Über 800 Personen werden für die Produktion „Landauer“ gesucht. Um die Geschichte dieses Mannes zu erzählen, der maßgeblich an Vereinserfolgen vor und nach dem Zweiten Weltkrieg beteiligt war, braucht man Menschen im Stadion und drumherum: Fans, die die Mannschaften anfeuern; Fotografen, die mit der (gestellten) Ausrüstung von damals die Spielszenen festhalten; Journalisten, die ins Mikro schreien; Kiebitze, die nach Talenten spähen. Und natürlich Fußballspieler (ab sieben Jahre bis zu den Alten Herren). Wann war es je so leicht, zum FC Bayern zu gehen?
Unter den Zuschauern sollen zu einem Viertel Frauen sein. Sie alle müssen die Zeit repräsentieren. Blondierte oder gesträhnte Haare haben daher keine Chance, und der durchschnittliche Nachkriegsdeutsche war auch nicht gerade korpulent.

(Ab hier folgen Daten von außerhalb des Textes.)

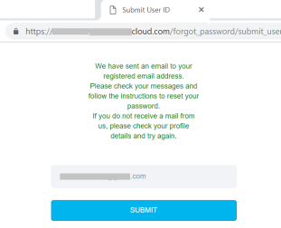 Click SUBMIT. The reset password mail process starts and sends an email to your registered email account.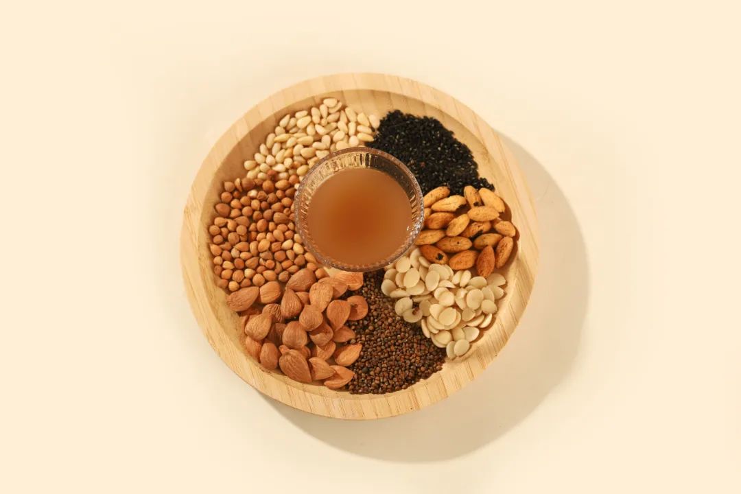 紫苏籽、榧子、桃仁、甜杏仁、黑芝麻、郁李仁、松子仁:富含油脂,给肠道润润燥。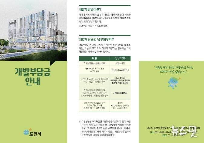 (뉴스핏 = 김호 기자) 포천시는 토지 개발사업 시 발생하는 개발부담금 제도에 대해 알기 쉽게 정리한 홍보물을 제작해 공인중개사사무소, 측량설계사무소, 행정사사무소, 인허가 관련 부서 등에 배부했다.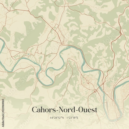 © Rezona, Fototapeta premium Retro map of Cahors-Nord-Ouest, Occitanie, France. Vintage street map.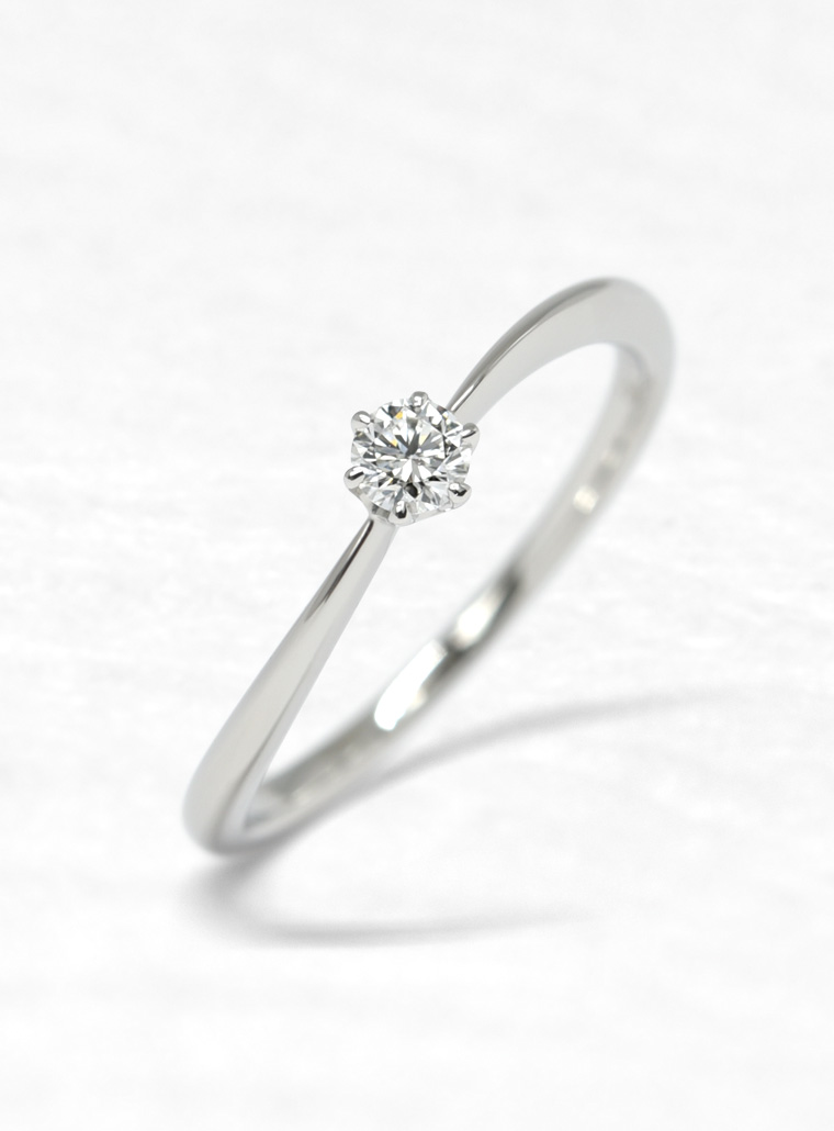 - こひなシリーズ「小町」は0.10~0.12ctのダイヤモンドを使用したミニエンゲージリング。優しい曲線とベーシックな6本爪で支えられたダイヤモンドが日常使いしやすいエンゲージに。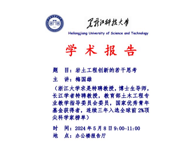 5月8日,浙江大学求是特聘教授、长江学者特聘教授、国家优秀青年基金和霍英东青年教师基金获得者、博士生导师梅国雄教授应邀在信息楼报告厅,为全校师生作了题为《岩土工程创新的若干思考》的学术报告。报告会由科技处处长康健教授主持,建筑工程学院领导、教师及全校相关专业教师、研究生及本科生共240多人参加了本次学术报告会。 报告会上,梅国雄教授讲述了自己曾经的学习经历,与师生亲切分享生活中的点滴,结合多个...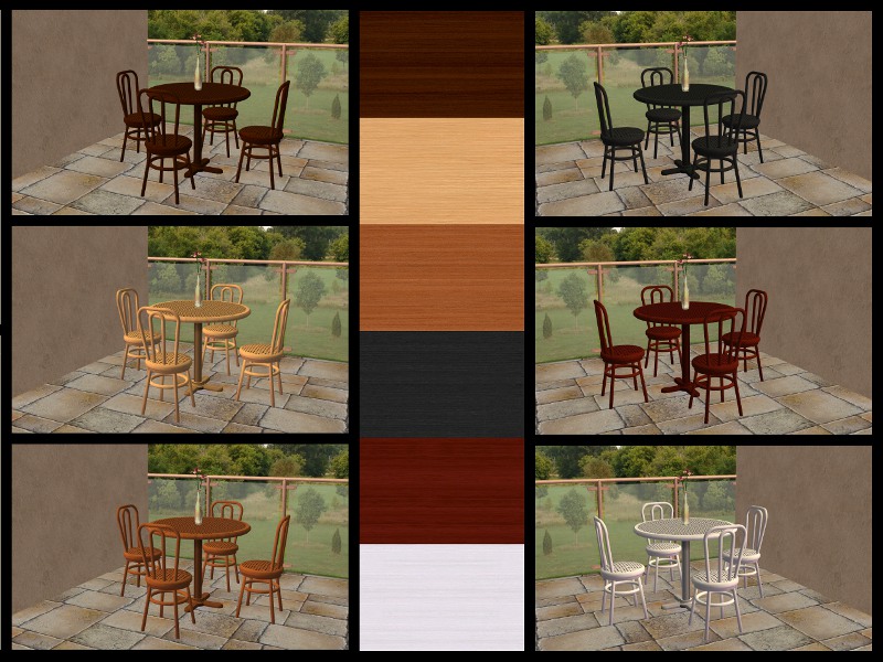 SimWardrobe's Round Cafe Table & Chair recoloured in AL Wood colours. Many thanks to amythestfenix for the 3 extra wood colour.

Dreharbeiten ab Mitte Juli

Die Dreharbeiten beginnen Mitte Juli, die Aufwands­entschädigung richtet sich nach der Größe der Rolle. Die Interessenten kommen am 23. Juni einfach zur Sportanlage, füllen einen Fragebogen aus und werden fotografiert. Den für die wichtigeren Parts Ausgewählten stehen bis zu acht Drehtage, auch in München, bevor.

Alle anderen können sich bei den Dreharbeiten in der Altenessener Sportanlage im Kostüm und mit Kurzhaarschnitt (Spieler mit Zopf gab es noch nicht, Sechstagebart auch nicht) zum Beispiel ins Jahr 1932 zurückträumen. Damals begann der FCB mit seiner Sammlung Deutscher Meisterschaften. Auch für das seinerzeitige Endspiel werden Darsteller gesucht.
Und wer doch noch - wie die Toten Hosen - Bedenken hat, zum FC Bayern zu gehen, wird vielleicht auf Seiten des Gegners Eintracht Frankfurt eingeteilt. Da darf er dann eine 0:2-Niederlage glaubwürdig spielen.